I'm just winding down towards the end of another "family day". My W has been spending A LOT of time exercising/working out. Yoga class, Barre class, swimming at the gym, a DVD-based workout program. Yesterday morning, she spent 2 hours for her barre class (including travel time) and 1 hour for her DVD program @ home. Today, same thing. So in a span of two days, she spent 6 hours of "alone time" doing her workouts. I don't know if she even realizes (or cares) about the time she's spending away from her kids.

Today, we went to Chinatown. She went to a tea shop to get some good green tea. This was sort of unusual as I rarely if ever see her buy green tea. Instantly, my thoughts turned to the OM and I wondered if she bought the tea for him. She used to do thoughtful things like this for me, but obviously her mind and heart are elsewhere. It's kind of sad. The last thoughtful thing I recall her doing for me was buying those dress shirts for me before I started my new job.

That was about a month ago!

Or, I could just be over-thinking it and the tea is either for herself or her father (this is very possible).

I've suspected that receiving gifts was perhaps a secondary love language for her. Over the years, her gifts to me were always very thoughtful. I know that I'm not supposed to buying gifts for her, but maybe I'll try a little something, just to see what her reaction will be.

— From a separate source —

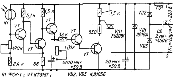 Нужна принцепиальная схема фотореле, с задержкой выключения,
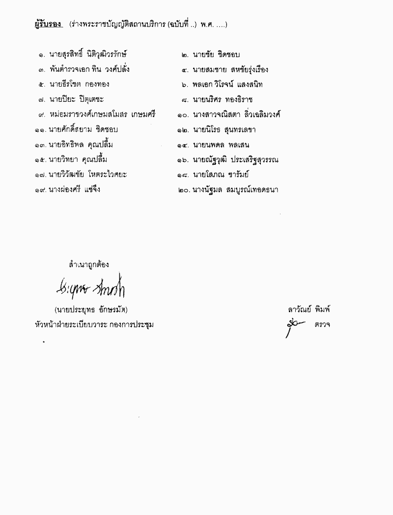• ร่างพระราชบัญญัติสถานบริการ (ฉบับที่ ..) พ.ศ. .... (พลตำรวจโท วิโรจน์ เปาอินทร์ และนายชูวงศ์ ฉายะบุตร เป็นผู้เสนอ)

I plan on doing something very simple. I will print out a photo of the two kids and put it into a nice frame, so she can bring it to her work. If she won't display a photo of me at work (She didn't at her previous job -- the one she just resigned from last month), then maybe she'll display a photo of her kids, photographed, processed, printed, and framed by her husband.


M: 15 years
BD: 6/25/14
EA/PA: starts 5/14/14
11/30/14 - A ends
5/15/15 - D is finalized.
11/28/15 - Start of new LTR with a wonderful woman (and still going strong)!